The news that crisis loans for the poor may soon be provided through payment cards (aka food stamps) has been almost exclusively discussed in ethical terms. The right praises the scheme as a way of stopping the feckless from spending money on booze and fags, and would like it extended to all benefits, while the left points out the stupidity of trying to address a "dependency culture" (real or imagined) by making people less independent. As ever, when morality rears its head, you can be sure the real issue is being obscured.

In the Guardian, Zoe Williams talks about "expelling people from the sphere of money". By denying them the simple pleasure of spending, "the fillip of power in the process", you are making them a second-class citizen. "When you relegate people to a world outside money, you create a true underclass: a group of people whose privacy and autonomy are worth less than everyone else's, who are stateless in a world made of shops". Well, only if you consider shopping to be a human right, and Harrods to be some sort of sovereign state (old Mo' probably agrees).
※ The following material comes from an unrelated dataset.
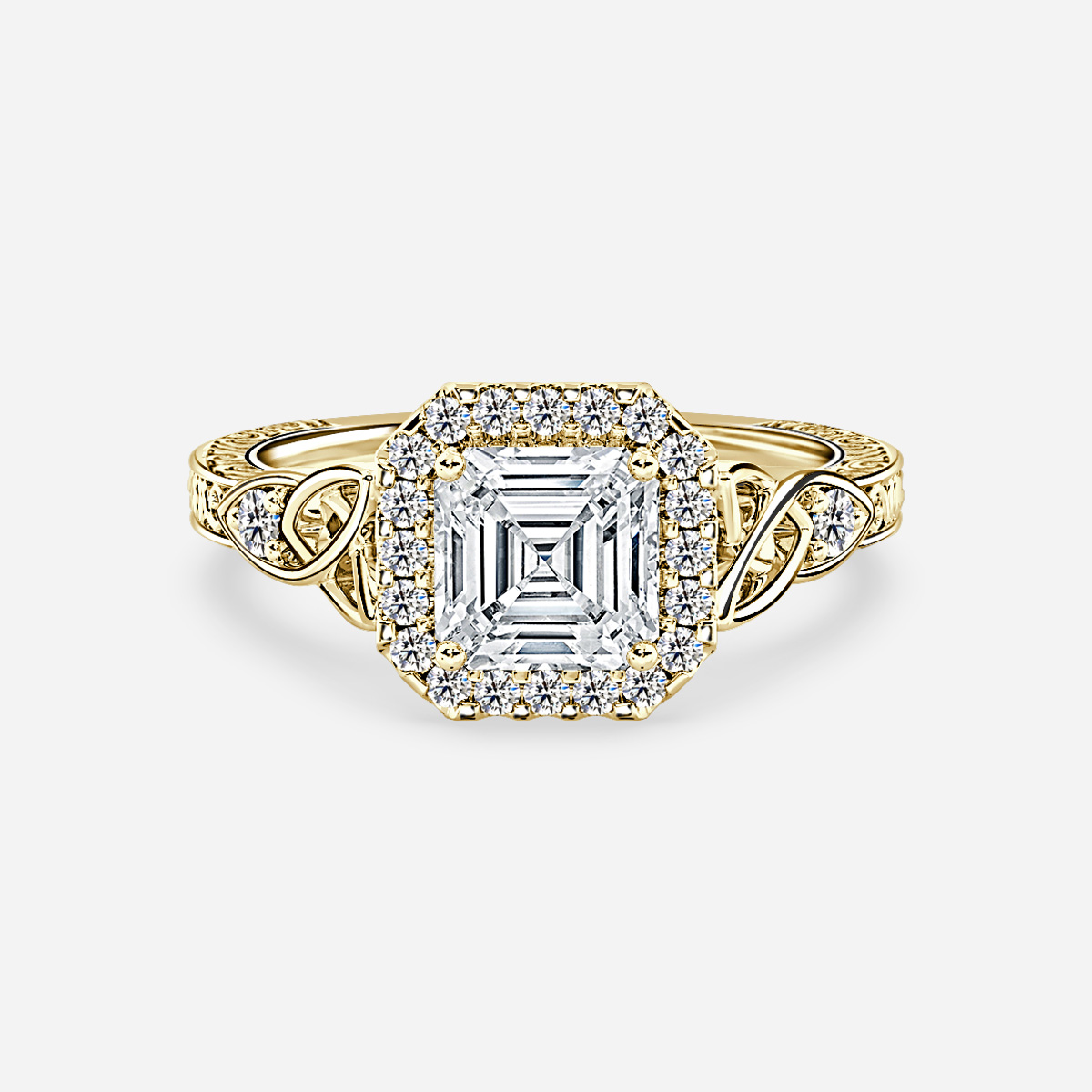 This elegant Celtic halo engagement ring features intricate carvings and is adorned with a dazzling diamond on each side. The perfect choice for those who appreciate timeless sophistication and unique design. Handcrafted in Hatton Garden, London Centre Diamond Not Included Setting Only

This moralistic interpretation leads to the conclusion that the changes to the social fund are the result of an ideological government with a punitive attitude towards the poor. Yah boo. While I have no doubt the government (and their neoliberal confreres in Labour) are relaxed about the change, this ignores the fact that individual councils have been given latitude to decide how they will administer the new local funds. The introduction of vouchers is not the result of central government diktat, hence the decision of some councils to issue food parcels, fund food banks, or facilitate credit union loans instead.

The decision of others (probably many) to use prepaid cards should be seen as a default response: unthinking rather than malicious. When faced with a new responsibility, councils now instinctively look to outsource delivery. As a proven relationship is valuable, this gives an advantage to incumbent suppliers. It just so happens that Sodexo, an on-site outsourcing firm with numerous local government contracts, currently manages the Azure prepaid card for asylum seekers on behalf of the UK Border Agency (as was).

Being a large corporate, Sodexo has an interest in dealing primarily with other large suppliers - i.e. the merchants who will accept the cards. This strategy helps ensure wide service coverage and lower transaction costs through economies of scale. Unsurprisingly, the Azure card is currently restricted to large national supermarket chains like Sainsburys and Morrisons. You can't buy bananas with it at your local market or convenience store, let alone a scratchcard or a can of White Lightning. These large chains also have sophisticated till systems that can automatically reject invalid purchases, regardless of the personal sympathies of the checkout cashier.

The inexorable logic of capitalism turns the crisis loan into a commodity in its own right. Some commentators have drawn a parallel with nineteenth century attitudes to pauperism, but the potentially more significant parallel is with that era's truck system, whereby part of a worker's wage was paid in tokens that could only be redeemed in a company store. In contrast to industrial capitalists seeking vertical monopolies over their workers, this modern variant is an alliance between government, the supermarket cartel and privileged intermediaries. It's easy to see how it could be further extended, not just to unemployment and disability benefits, but conceivably even to in-work benefits such as tax credits.

To make this work, it would be necessary to destigmatise food vouchers. This isn't necessarily that big a challenge. After all, Luncheon Vouchers weren't considered demeaning as an employment perk. If they simply add the tax credit in the form of points to a loyalty card, they'd be home and dry.